Roach Joseph D, Aguinaldo Grant T, Jonnalagadda Kaumudi, Hughes Francis M, Spangelo Bryan L
Department of Chemistry, University of Nevada, Las Vegas, Nevada 89154-4003, USA.
Neuroimmunomodulation. 2008;15(2):117-24. doi: 10.1159/000148194. Epub 2008 Aug 5.
A decline in the inhibitory neurotransmitter gamma-aminobutyric acid (GABA) may enhance cytokine release in Alzheimer's disease (AD) resulting in neuroinflammation. We investigated the GABA-mediated suppression of the synergistic release of interleukin (IL)-6 due to interleukin 1-beta (IL-1 beta) and tumor necrosis factor-alpha (TNF-alpha).
Rat C6 astrocytoma cells were treated with IL-1 beta and TNF-alpha in the absence and presence of GABA. Activation of p38, degradation of I kappaB-alpha and total cellular IL-6 were determined by Western blot analysis. IL-6 release and gene expression were measured by ELISA and RT-PCR, respectively.
Although p38 and nuclear factor (NF)-kappaB are essential for the synergistic release of IL-6, GABA did not affect either p38 phosphorylation or I kappaB-alpha degradation. Additionally, GABA suppressed IL-6 release but did not alter cytokine-driven synergistic increases in IL-6 gene expression. Western blot analysis revealed that co-treatments with IL-1 beta and TNF-alpha resulted in an increase in intracellular IL-6 that was prevented by GABA.
GABA-induced inhibition of IL-6 release appears to coincide with a reduction in cellular IL-6. The GABA-induced suppression of IL-6 release may include inhibition of IL-6 gene translation.

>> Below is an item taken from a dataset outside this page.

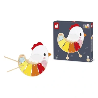 MUSICAL CHICK: This cute chick-shaped xylophone invites toddlers aged 12 months and up to discover sounds in a colourful and reassuring world. CLEVER TOY: The chick's legs turn into drumsticks and can be stored inside. A clever and fun design so nothing gets lost! SENSORY AWARENESS: By tapping on the 6 metal tones, children develop their hearing and fine motor skills while having fun. FEATURES: Musical toy made of FSC wood and metal, comes with 2 drumsticks. Easy to clean (surface wash). From 12 months. THE POWER OF PLAY: With bold and innovative collections, Janod accompanies children on the most beautiful of adventures: growing up! Beautiful toys for learning without even noticing, exploring the world, dreaming and sharing... Well done!, Manufacturer: JURATOYS

抑制性神经递质γ-氨基丁酸(GABA)水平下降可能会增强阿尔茨海默病(AD)中的细胞因子释放,从而导致神经炎症。我们研究了GABA对白细胞介素1-β(IL-1β)和肿瘤坏死因子-α(TNF-α)协同诱导白细胞介素(IL)-6释放的抑制作用。
在存在和不存在GABA的情况下,用IL-1β和TNF-α处理大鼠C6星形细胞瘤细胞。通过蛋白质印迹分析确定p38的激活、IκB-α的降解和细胞总IL-6水平。分别通过酶联免疫吸附测定(ELISA)和逆转录-聚合酶链反应(RT-PCR)测量IL-6释放和基因表达。
虽然p38和核因子(NF)-κB对于IL-6的协同释放至关重要,但GABA既不影响p38磷酸化,也不影响IκB-α降解。此外,GABA抑制IL-6释放,但不改变细胞因子驱动的IL-6基因表达协同增加。蛋白质印迹分析显示,IL-1β和TNF-α共同处理导致细胞内IL-6增加,而GABA可阻止这种增加。
GABA诱导的IL-6释放抑制似乎与细胞内IL-6减少一致。GABA诱导的IL-6释放抑制可能包括对IL-6基因翻译的抑制。